Thursday, September 1, 2011

a five-year-old sees the ocean for the first time



ROILING AZURE WIZARDRY


• On a beautiful sunny day when I was five years old, my mother decided to take her children to see the ocean for the first time. We were living south of Los Angeles, so she drove us to the beach in San Diego, where we would meet the sprawling blue ecosystem called the Pacific Ocean. The first time I saw the ocean, I was awed and dazzled. Its vast blue pulse enchanted me. Its deep salty coldness enthralled me. Its bountiful life bewitched me.

• The sea was magic: a vast flexible blue bubble that swelled and rolled and that came crashing ashore in a curling roil of white foam; and then it ran back out, sucking at the sand and the pebbles glistening with dampness. How could such a thing be! It had an aroma that pulled at me – an odor of worlds unseen, exotic places, great depths, briny, fluid powers of ebb and flow – an odor that drew me to touch its liquidness and feel its fluidity.

• However, when I touched the saline ocean, I fell into it. Its watery fingers grabbed me and pulled me down onto the wet sand and then drubbed me like a giant washing a sponge. I was amazed at its power, but I fought, digging my own fingers into the sand and emerged dripping wet – and cold! The coldness was startling, it was deep cold, a dark cold, a cold that said it had come from far below where no light shown and where everything was darker and colder yet. And it tasted so salty, as if after washing me, the giant had powdered me with a gargantuan shaker of salt.
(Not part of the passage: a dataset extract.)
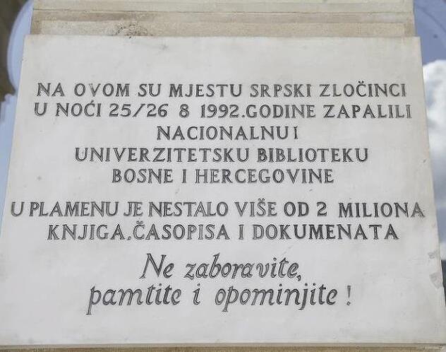 Na ploči na ulazu u Vijećnicu piše: “Na ovom su mjestu srpski zločinci u noći 25/26. 8. 1992. godine zapalili Nacionalnu i univerzitetsku biblioteku Bosne i Hercegovine. U plamenu je nestalo više od dva miliona knjiga, časopisa i dokumenata. Ne zaboravite, pamtite i opominjite!”

• Then I became aware that an astounding number of creatures lived inside and around that cold, blue mass of liquid. Beside me on the wet sand scuttled crabs, and in the toss of surf I could see whorls of small fish like massed shadows in the water. Other fish with long fins like wings leaped out of the liquid and splashed back in. Dolphins rhythmically rolled in and out of the water, swimming swiftly. In the distance gigantic whales surfaced and blew spume into the air. Above the sea flew a multitude of birds, hovering, gliding, dipping and diving into the sea. I gaped and shouted, awed by the marvelous life I saw.

• Ever since that first encounter with the ocean, I have adored it. I have always tried to live near the mystical, magical sea. I have traveled over it, sailed and surfed on it, dived into it, pulled fish from it. Most of all I love to swim in it, or sit next to it, look at it and think. I think how endless and wonderful it is, how small I am, and how all life is possible on earth only because of our vast enchanting oceans.

2008

The End
 
I decided to add this essay before the Tanka Time poems because it shows my impression of the Pacific Ocean when I first encountered it and before we sailed across it to Japan.